*Data segment:*
————
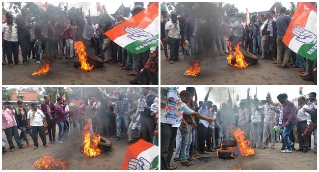 ನಗರದ ಆರ್ ಟಿಒ ವೃತ್ತದ ಕಾಂಗ್ರೆಸ್ ಕಚೇರಿಯಿಂದ ಚನ್ನಮ್ಮ ವೃತ್ತದವರೆಗೆ ಪ್ರತಿಭಟನಾ ಮೆರವಣಿಗೆ ನಡೆಸಿದ ಕಾರ್ಯಕರ್ತರು, ಚನ್ನಮ್ಮ ವೃತ್ತದಲ್ಲಿ ಟೈಯರ್ ಗೆ ಬೆಂಕಿ ಹಾಕಿ ಆಕ್ರೋಶ ವ್ಯಕ್ತಪಡಿಸಿದರು, ಕೇಂದ್ರದ ಬಿಜೆಪಿ ಸರಕಾರದ ವಿರುದ್ಧ ಘೋಷಣೆ ಕೂಗಿದರು.
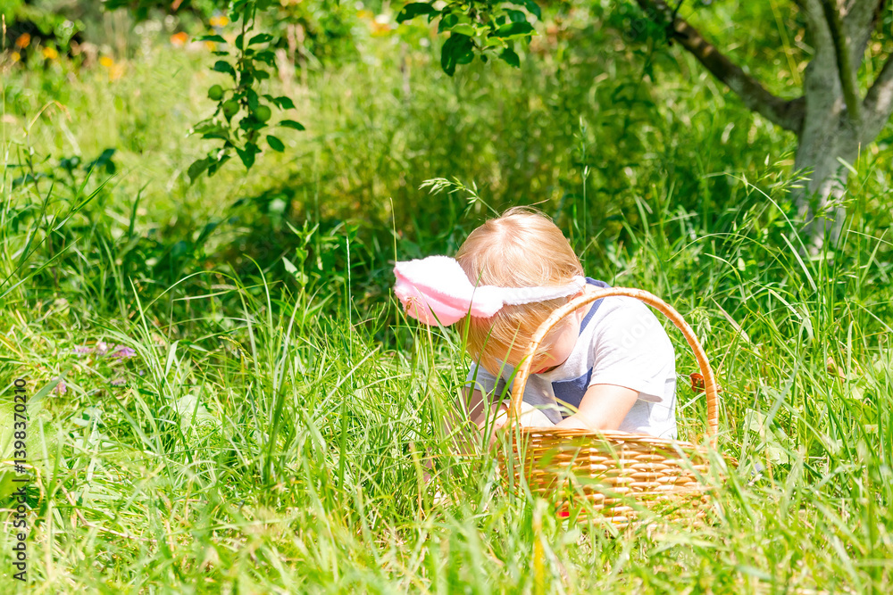 Easter egg hunt.Little boy child kid in bunny ears picking up eggs in grass,garden.Easter holiday tradition.Baby with basket full of colorful eggs
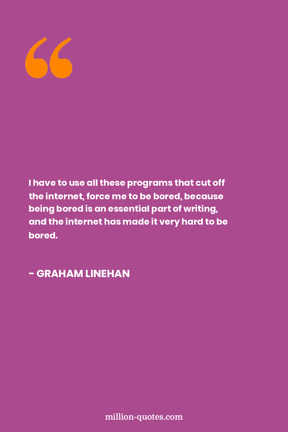 I have to use all these programs that cut off the internet, force me to be bored, because being bored is an essential part of writing, and the internet has made it very hard to be bored.
————
*About this exercise:* Output the material verbatim, skipping the images.

*Reply to the exercise:*
 ನಗರದ ಆರ್ ಟಿಒ ವೃತ್ತದ ಕಾಂಗ್ರೆಸ್ ಕಚೇರಿಯಿಂದ ಚನ್ನಮ್ಮ ವೃತ್ತದವರೆಗೆ ಪ್ರತಿಭಟನಾ ಮೆರವಣಿಗೆ ನಡೆಸಿದ ಕಾರ್ಯಕರ್ತರು, ಚನ್ನಮ್ಮ ವೃತ್ತದಲ್ಲಿ ಟೈಯರ್ ಗೆ ಬೆಂಕಿ ಹಾಕಿ ಆಕ್ರೋಶ ವ್ಯಕ್ತಪಡಿಸಿದರು, ಕೇಂದ್ರದ ಬಿಜೆಪಿ ಸರಕಾರದ ವಿರುದ್ಧ ಘೋಷಣೆ ಕೂಗಿದರು.
 Easter egg hunt.Little boy child kid in bunny ears picking up eggs in grass,garden.Easter holiday tradition.Baby with basket full of colorful eggs
 I have to use all these programs that cut off the internet, force me to be bored, because being bored is an essential part of writing, and the internet has made it very hard to be bored.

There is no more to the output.